[SDS] Seruan Kebaikan

“Sungguh, arena kata2 berbeda dengan arena angan2, arena amal bukanlah arena kata2. Medan jihad berbeda dengan medan amal biasa. Medan jihad yang ‘benar’ berbeda dengan medan jihad yang ‘salah’. Orang mudah berangan-angan tapi tak semua angan dapat diungkapkan lewat kata2. Banyak orang yang mampu berkata-kata tapi sedikit yang mampu menerjemahkannya lewat suatu amal, dari yang sedikit itu, lebih sedikit lagi yang mampu memelihara amalnya dengan istiqomah. Semakin sedikit lagi yang mampu mengatasi sulitnya medan dakwah dan beratnya amal. Karenanya, tempalah dirimu masing2 melalui tarbiyah yang shahih dan perhitungan yang cermat. Ujilah dirimu dalam beramal dengan amalan yang tidak disukai oleh jiwa dan yang terasa berat olehmu. Jangan kalian lewati waktu satu menitpun tanpa suatu amal karena di sanalah akan datang pertolongan, dukungan, dan kemenangan dari Allah..”

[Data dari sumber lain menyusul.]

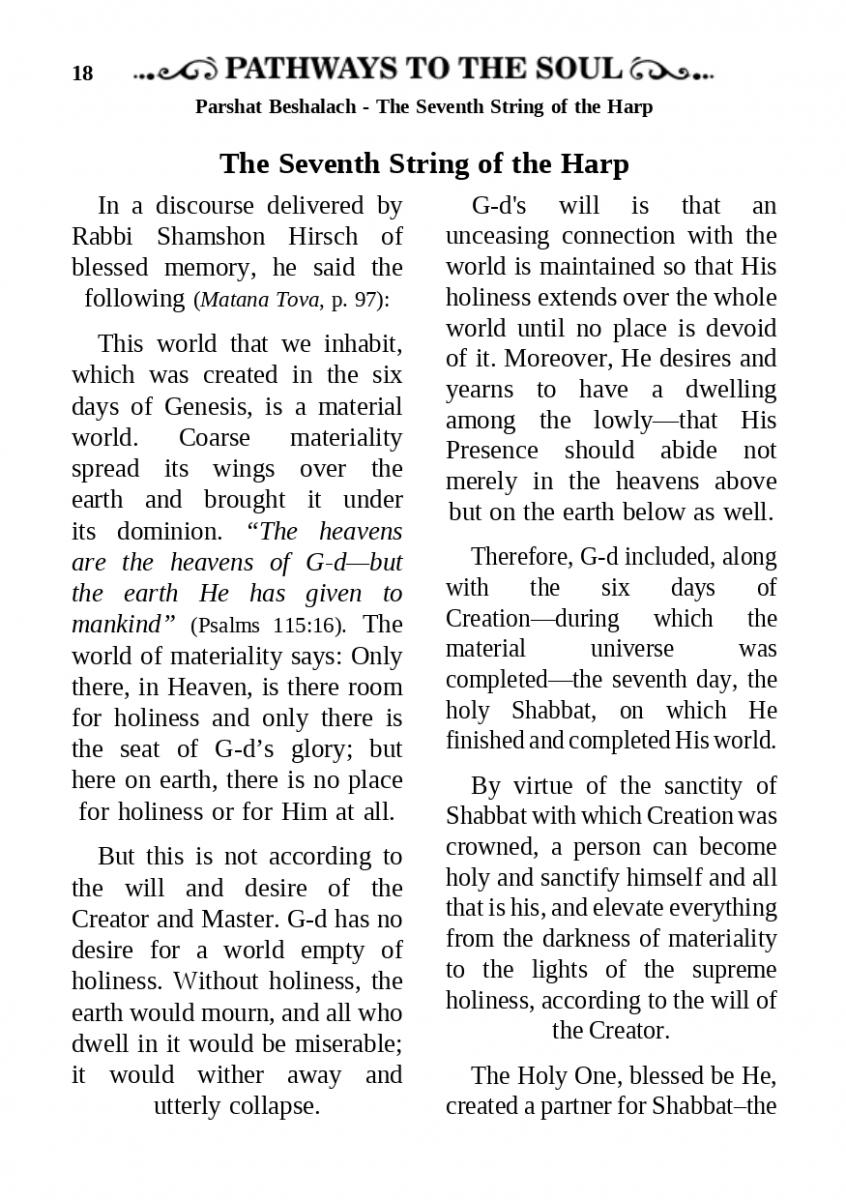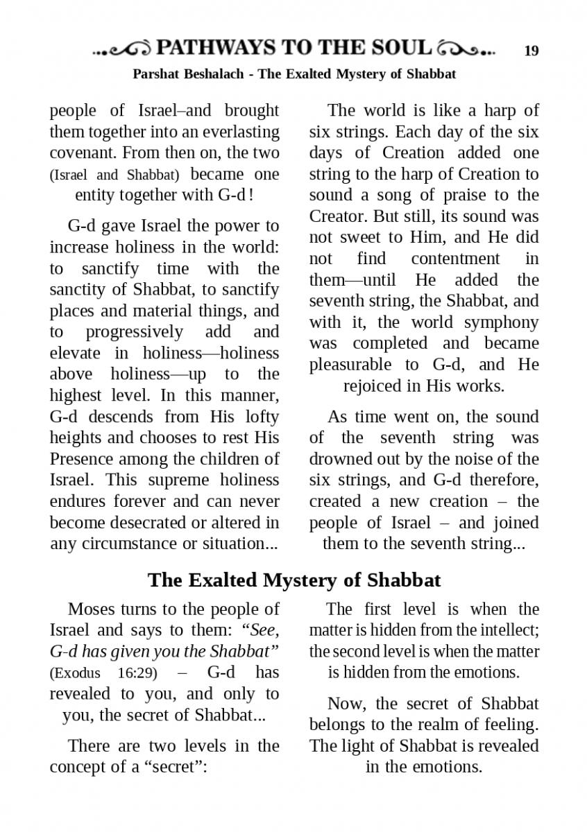 Shabbat Unites G-d with His People

Aku menemukan SMS sepanjang 6 halaman itu saat hendak menghapus SMS yang tersimpan di kotak masuk pesanku. SMS yang ternyata terasa lebih menggetarkan saat aku membacanya kembali. Bukan pada saat SMS dari saudari nun jauh di seberang pulau itu mengirimkannya. Medan jihad, kerja dakwah, amal nyata. Ah.. Kata2 itu masih terasa berat, terlebih karena seruan itu memang tak sekadar kata2. Dan di atas SMS itu, kutemukan pesan lain yang tak kalah menggetarkan.

Di jalan cinta para pejuang, makna ikhlas dibebaskan dari pasungan perasaan. Dari rasa ringan atau berat. Hingga Allah memerintahkan kita untuk tetap berangkat baik merasa ringan ataupun berat. “Berangkatlah kamu baik dalam keadaan merasa ringan ataupun berat, dan berjihadlah dengan harta dan dirimu di jalan Allah. Yang demikian itu adalah lebih baik bagimu jika kamu mengetahui.” (QS AT TAUBAH: 41)

Maka, kutelusuri jejak2 SMS yang menyiratkan pesan yang sama. Yang mungkin sebelumnya kubaca sekilas tanpa makna.

Untukmu pengemban dakwah…
Terkadang hak2 pribadi tak dapat terpenuhi. Jangan bertanya kemana yang lain, jangan bertanya kenapa kita sendiri. Jangan mengingat apa yang akan kita dapatkan, jangan mengingat apa yang telah kita korbankan. Karena sungguh Allah telah memilih kita. Maka, tetap sabar & ikhlas merupakan kesyukuran ketika kita masih menjalani hidup & masih bisa beramal di jalan ini..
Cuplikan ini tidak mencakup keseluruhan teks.